Reputation: 123
I wasn´t quite sure how to search for the topic I´m interested in, so I apologize in advance if this question has already been asked. Questions related to frequency table didn´t solve my doubt.
I have the following df, where 1
indicates a positive results and 2
a negative ones:
d1 <- data.frame( Household = c(1:5), State = c("AL","AL","AL","MI","MI"), Electricity = c(1,1,1,2,2),
Fuelwood = c(2,2,1,1,1))
I want to produce a frequency table where I can identify the percentage of people using Eletricity, Fuelwood and Electricity+Fuelwood, such as df2
:
d2 <- data.frame (State = c("AL", "MI"), Electricity = c(66.6,0), Fuelwood = c(0,100), ElectricityANDFuelwood = c(33.3,0))
Please consider that my real df has approx. 42 k households, 5 energy sources and 27 states.
Upvotes: 3
Views: 622
Reputation: 887691
We can look for rows in d1
where Electricity
and Fuelwood
are positive (1
). Using that logical index, we can change the values in Electricity
and Fuelwood
rows that are both positive to negative or 2
. Then, create an additional column ElecticityANDFuelwood
using the index
that was created. Change from wide
to long
form using melt
, subset only the two columns State
and variable
, use table
and prop.table
to calculate the frequency and relative frequency.
indx <- with(d1, Electricity==1 & Fuelwood==1)
d1[indx,3:4] <- 2
dT <- transform(d1, ElectricityANDFuelwood= (indx)+0)[-1]
library(reshape2)
dT1 <- subset(melt(dT, id.var='State'), value==1, select=1:2)

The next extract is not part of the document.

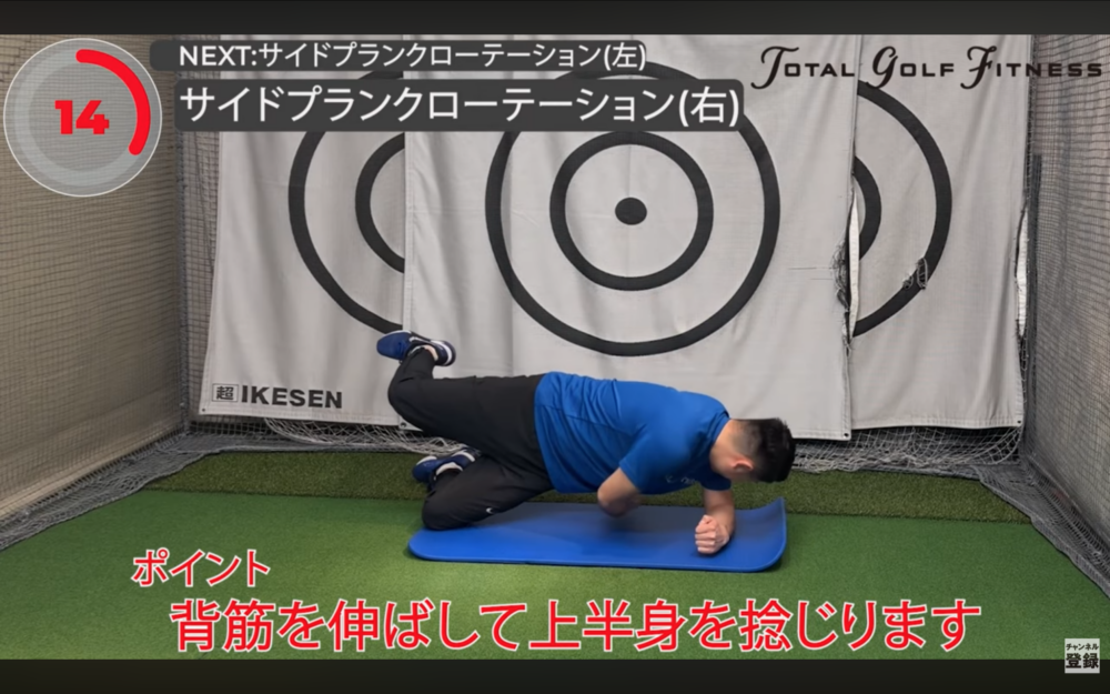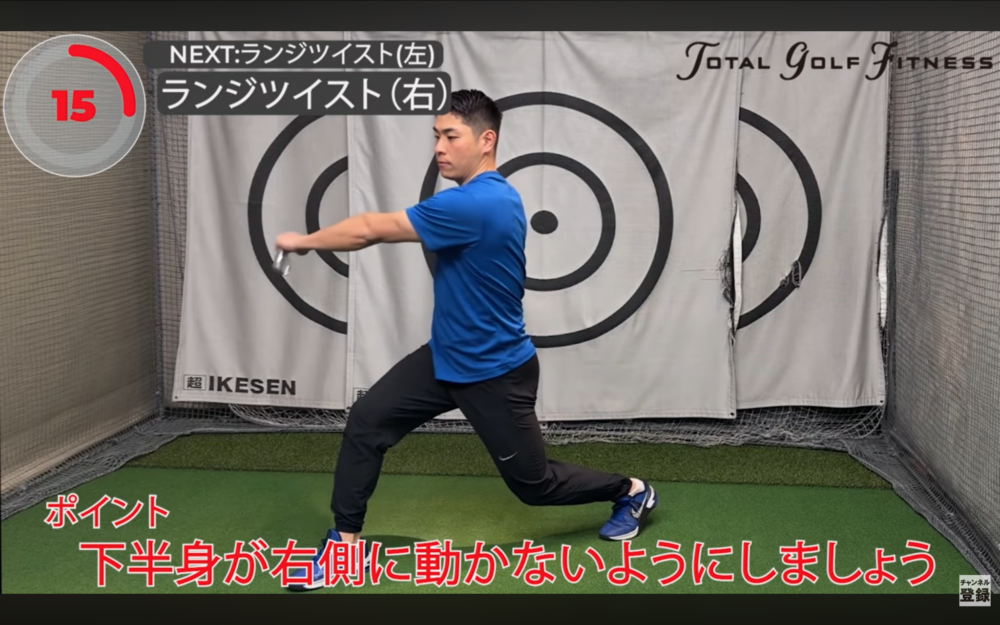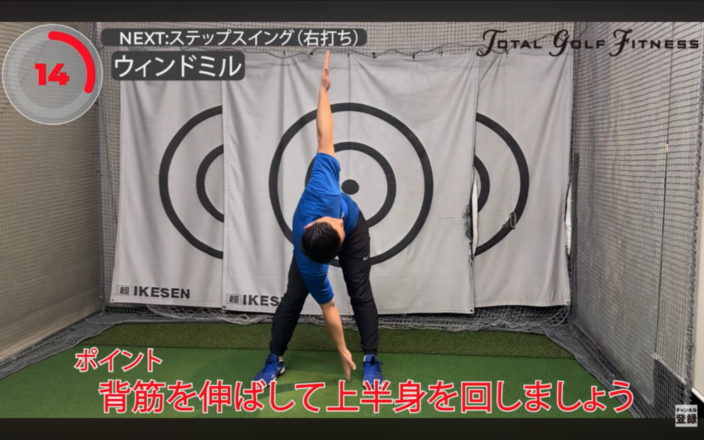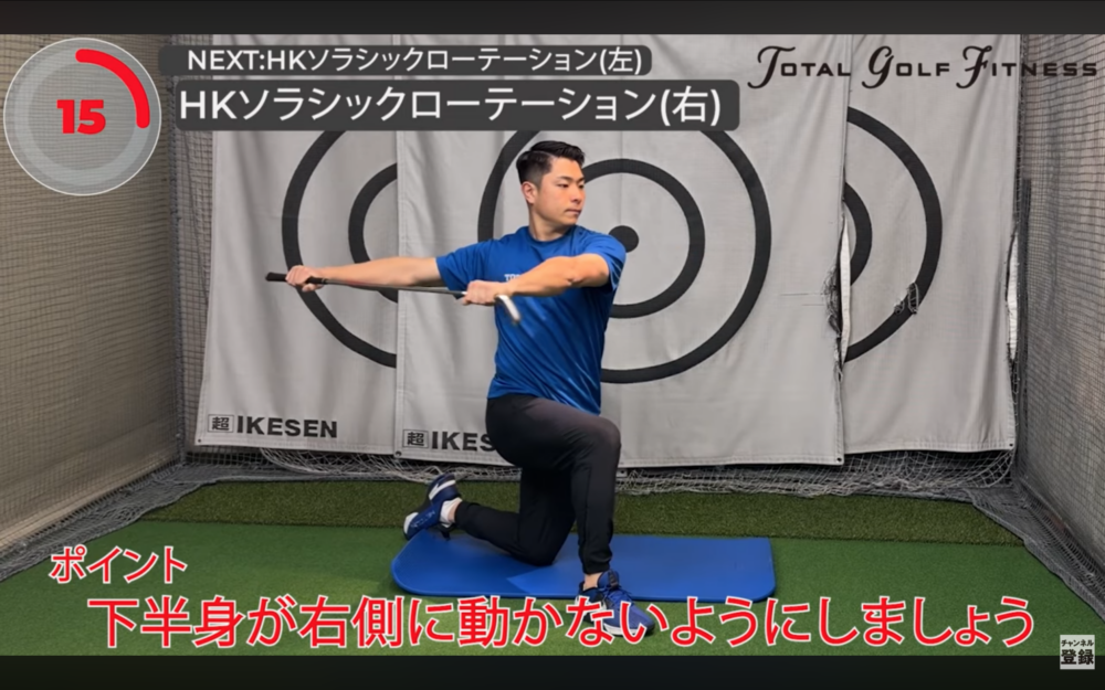 体幹(腹斜筋)の筋力と柔軟性を同時に鍛え、スイングのパワーロスを防ぎます。
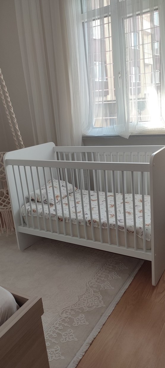 ÇOK AZ KULLANILDI.isterseniz sallanabilir isterseniz sabit kullanma aparatı ile sabit kullanabilirsiniz. iki kademeli resimdeki 2. kademedir küçük bebekler için yüksek kademesi vardır. yatak dahildir. yatağı ortopediktir.İstanbul içi gelip teslim alınabilir.

round(100*prop.table(table(dT1), margin=1),2)
# variable
#State Electricity Fuelwood ElectricityANDFuelwood
# AL 66.67 0.00 33.33
# MI 0.00 100.00 0.00
Or a data.table
solution contributed by @David Arenburg
library(data.table)
d2 <- as.data.table(d1[-1])[, ElectricityANDFuelwood :=
(Electricity == 1 & Fuelwood == 1)]
d2[(ElectricityANDFuelwood), (2:3) := 2]
d2[, lapply(.SD, function(x) 100*sum(x == 1)/.N), by = State]
# State Electricity Fuelwood ElectricityANDFuelwood
#1: AL 66.66667 0 33.33333
#2: MI 0.00000 100 0.00000
Upvotes: 4